Who's Profiting from the News?

In The New York Times' (NYS: NYT) 2010 letter to shareholders, the chairman and CEO stated, "The e-reader application business has proven to be a vibrant market where consumers are willing to pay for quality content through an immersive reading experience similar to that of the print newspaper."

Lovely, but is it really true? Should investors be jumping in to get a piece of the publishing renaissance with companies like The New York Times, Washington Post (NYS: WPO) , and Gannett (NYS: GCI) ? According to the companies' stock performances and a recent study done by the Pew Research Center, the answer is... probably not.

The value of news
One of the more promising statistics for publishers that the study found was that tablets have increased news consumption overall. People are both perusing headlines and reading more long-form content than they previously were on their personal computers, laptops, and possibly even in print, although that last one can be difficult to quantify.

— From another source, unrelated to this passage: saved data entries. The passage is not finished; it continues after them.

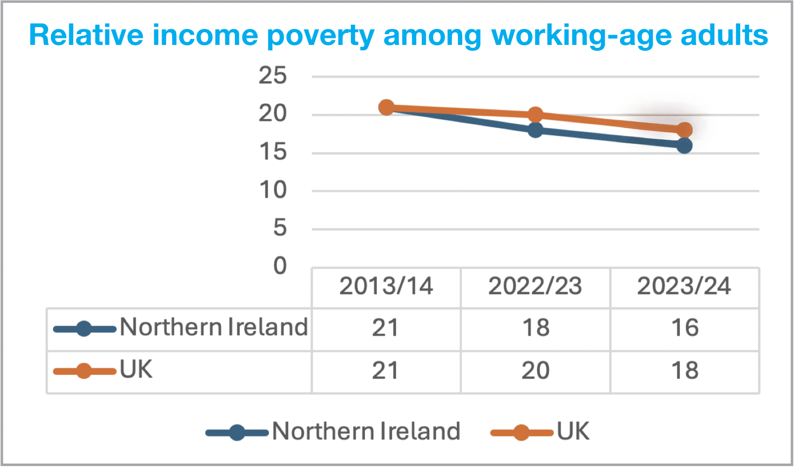 Approximately 16 per cent (185,000) of working-age adults in Northern Ireland were in relative income poverty in 2023/24, below the UK rate of 19 per cent. This represents a decrease from 2022/23 when it stood at 18 percent, while the UK rate also fell from 20 per cent. Overall, relative income poverty in Northern Ireland has decreased from 2013/14 when it stood at 21 per cent (225,000), in line with the UK rate that year.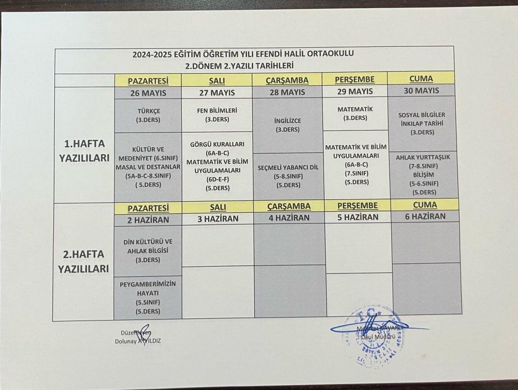 EFENDİ HALİL ORTAOKULU 2.DÖNEM 2.YAZILI SINAV TAKVİMİ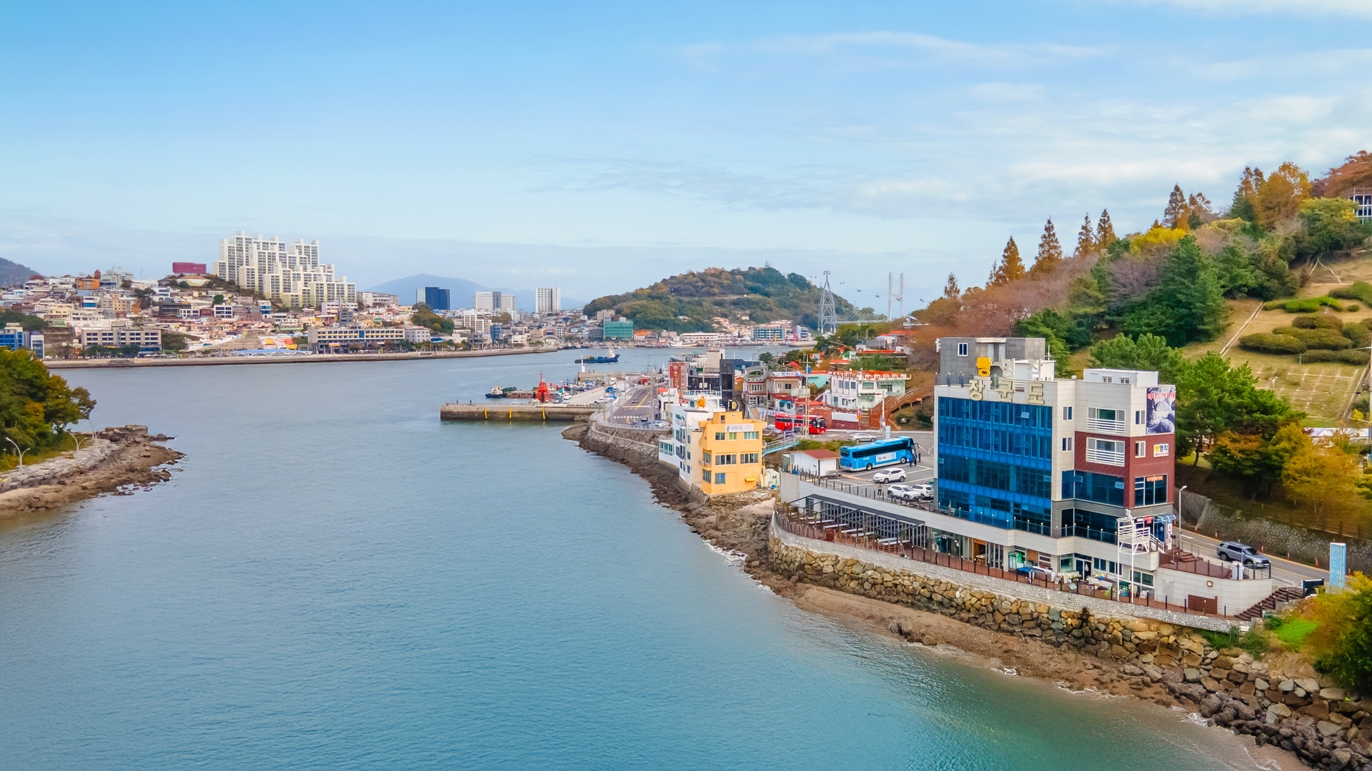 해상케이블카 탑승장인 돌산공원과 유람선 선착장,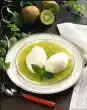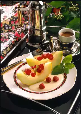 Let it cool down a little. Put half of the raspberries and some mint leaves into the melon halves, pour the wine over them. Leave to set in the fridge for about 3 hours. Take 3 tablespoons of the milk and stir the sauce powder into it until smooth.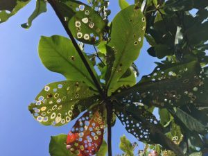 Có vẻ như mấy cây bàng dọc biển cũng chịu không nổi gió bấc. Chúng đành khoét lỗ chỗ trong lá cho gió xuyên qua… Khánh Minh bảo đó là lá bàng “rổ hoa”…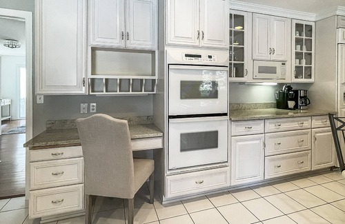 - Classic Kitchen with vast island and bar eating, stocked with all the essential tools for grilling, baking and/or making cocktails by the pool.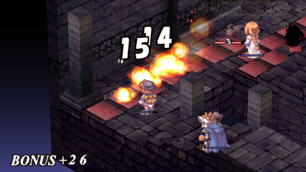 Wo ich vorhin schon die unterschiedlichen Erfahrungspunkte angeschnitten habe: La Pucelle auch bereits diverse Möglichkeiten zur Anpassung eurer Charaktere. So kann eure Ausrüstung nicht nur von den Grundwerten her verstärkt werden, sie kann je nach Merkmalen die Attribute der Figuren dauerhaft stärken, wodurch der Trupp auch neue Fähigkeiten lernt. Das gilt auch für Monstereinheiten, die in diesem Fall direkt vom Schlachtfeld rekrutiert werden – ein paar Läuterungsrunden sowie eine gehörige Tracht Prügel machen’s möglich. Das ist alles bei weitem nicht so tiefgründig und ineinander verzahnt wie bei späteren Disgaea-Spielen, macht jedoch auch bereits in dieser simpleren Form enorm Laune und motiviert ungemein.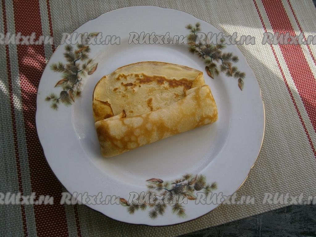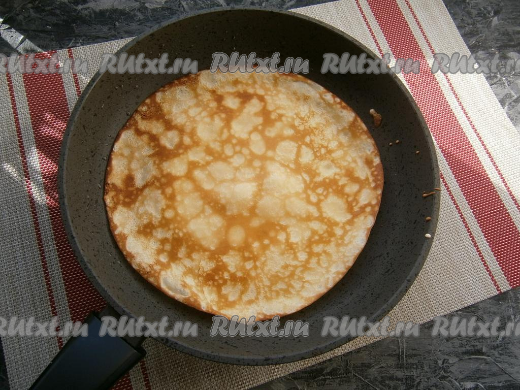 Пока начинка остывает, нужно пожарить блинчики, для этого на разогретую сковороду, смазанную растительным маслом (смазывать сковородку нужно перед жаркой только первого блина), вылить порцию теста, равномерно распределить и жарить блин с двух сторон до румяности на среднем огне, а затем переложить на тарелку. Пожарить таким образом все блины, складывая их на тарелку стопочкой.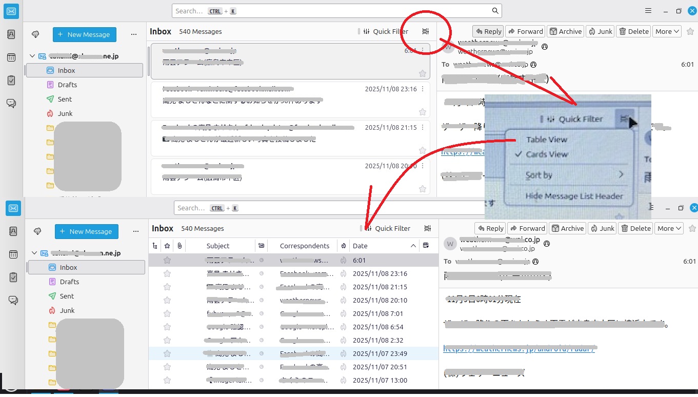 これを「テーブルビュー」にすれば1メールが1行表示になるらしいのですが、私の
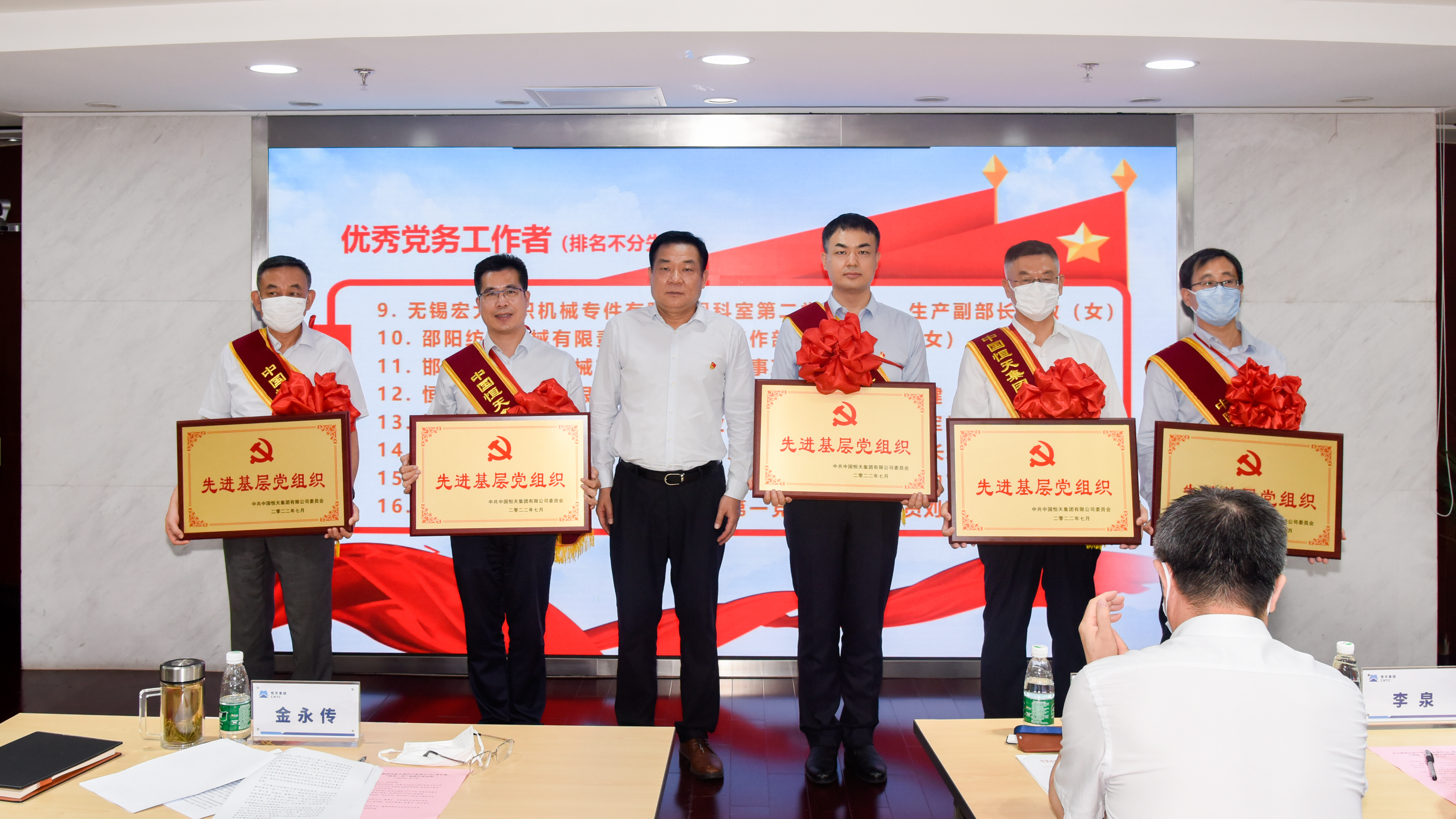 恒天集团领导班子成员为恒天集团2020-2021年度先进基层党组织、优秀党务工作者、优秀共产党员代表颁奖。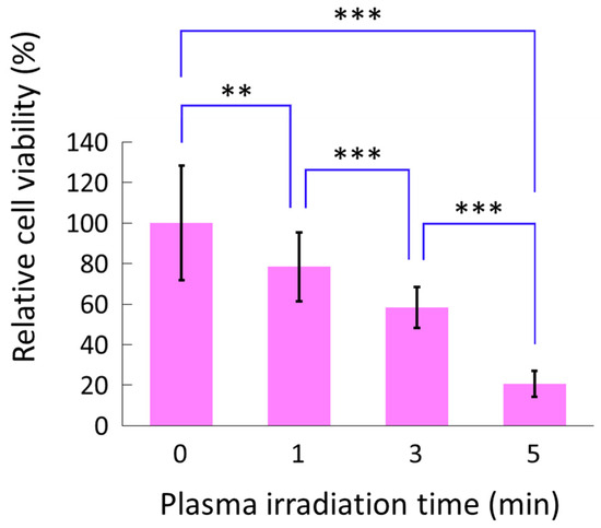 Figure 2 shows the cell viability after PAM (1, 3, and 5 min) or DMEM treatment. Cell viability after PAM treatment significantly decreased in a plasma irradiation time-dependent manner compared with that after DMEM treatment. PAM (5 min) reduced cell viability to approximately 21% of that of the control (p < 0.001).

Unfortunately, the majority of readers still aren't willing to pay for their news. Only 14% of the users surveyed had already paid for news, and only 21% said they would be willing to pay $5 per month if that was the only way they could access it. While that might be promising because it's up 3% from the 2010 survey, its relevance is knocked back down by the fact that there is a heavy overlap with users who already pay for print subscriptions -- a revenue source that has been steadily declining in recent years.

Newspaper subscriptions on e-readers like Amazon.com's (NYS: AMZN) Kindle and Barnes and Noble's (NYS: BKS) Nook haven't been faring so well, either. Most digital subscriptions cost more than regular print subscriptions, and that's not a convenience premium consumers are willing to pay for just yet.

Despite readers' reluctance to pay publishers directly, there has to be somebody profiting off of an entire generation of mobile consumers. So who is the real winner here?

The value of delivering the news
You may have already guessed the answer: Companies with apps and tablets like Apple's (NYS: AAPL) iPad are playing digital paperboy with the news.

This isn't terribly surprising once you stop to think about it. News publishers have had over a decade to figure out how to profit from the move to digital media, and not one has made it beyond advertising -- a revenue stream that has declined 48% across the industry in the last five years.

Meanwhile, the phenomenon that is the app has been sweeping the nation. Apple has cleverly created an environment where publishers are darned if they do, and darned if they don't. The publishers can join Newsstand and pay Apple a 30% cut on download revenue, or they can create and maintain a Web-based app and hope that readers are willing to seek them out.

It's risky, and neither option gives publishers much control over their own destinies. Smaller companies have seen huge increases in subscriptions after joining up with Newsstand, but larger companies are reluctant, as it also requires them to give up valuable data about the subscribers.

Right now, it looks like Apple may be the best way to cash in on consumers' growing interest in the news until publishers can figure out a better way to reach readers. But here at The Motley Fool, we've found three hidden winners of the iPhone, iPad, and Android revolution that may end up being even safer picks. Each company would be great for your portfolio going into 2012, and the report is completely free. Click here to read it now.

Fool contributor Amanda Buchanan owns shares of Apple, but she holds no other position in any company mentioned. Click here to see her holdings and a short bio. The Motley Fool owns shares of Amazon.com and Apple. Motley Fool newsletter services have recommended buying shares of Amazon.com and Apple, as well as creating a bull call spread position in Apple. Try any of our Foolish newsletter services free for 30 days. We Fools may not all hold the same opinions, but we all believe that considering a diverse range of insights makes us better investors. The Motley Fool has a disclosure policy.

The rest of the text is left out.